Multiplication of Fraction with a Whole Number

To get the product of a fraction and a whole number multiply the numerator of the fraction with the whole number. Let's see some examples.

Example 1. Multiply 3 by ²⁄₇.

Solution. 3 x ²⁄₇ = ^(3x2)⁄₇ = ⁶⁄₇

Example 2. Multiply 25 by ³⁄₅.

Solution. 25 x ³⁄₅ = ^(25*3)⁄₅ = ⁷⁵⁄₅ = 15

Multiplication of Fractions

To get the product of two fractions numerators are multiplied and the denominators are multiplied. Let's see some examples.

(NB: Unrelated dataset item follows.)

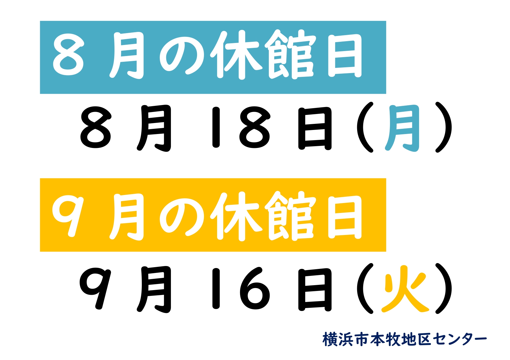 令和7年8月・9月の休館日のお知らせ

Example 1. Multiply ³⁄₅ and ²⁄₇.

Solution. ³⁄₅ x 2/7 = (3x2)/(5x7) = 6/35

Example 2. Multiply ²⁄₅, ³⁄₄ and ²⁄₃.

Solution. ²⁄₅ x ³⁄₄ x ²⁄₃ = ^(2x3x2)⁄_(5x4x3) = ¹²⁄₆₀ = ¹⁄₅

1. When any fraction is multiplied by 1, the product is fraction itself.

2. When any fraction is multiplied by 0, the product is 0.

Reciprocal of Fraction

In any fraction, if we interchange the numerator and the denominator, we get the reciprocal of that fraction. Let's see some examples.

Example 1. Find the reciprocal of ²⁄₅.

Solution. Reciprocal of ²⁄₅ is ⁵⁄₂.

Example 2. Find the reciprocal of ¹⁄₅.

Solution. Reciprocal of ¹⁄₅ is 5.

Division of Fractions

Division is nothing but multiplying a fraction with the reciprocal of another fraction. Let's see some examples.

Example 1. ²⁄₅ ÷ ³⁄₅.

Solution. Reciprocal of ³⁄₅ is ⁵⁄₃.
²⁄₅ x ³⁄₅ = ²⁄₃

Example 2. ⁶⁄₃₅ ÷ ²⁄₅.

Solution. Reciprocal of ²⁄₅ is ⁵⁄₂.

⁶⁄₃₅ x ⁵⁄₂ = 3/7

1. When any fraction is divided by 1, the result is fraction itself.

2. When 0 is divide by any fraction, then the result is 0.

3. When any fraction is divided by itself, then the result is 1.

4. When any fraction is multiplied by it's reciprocal, then the result is 1.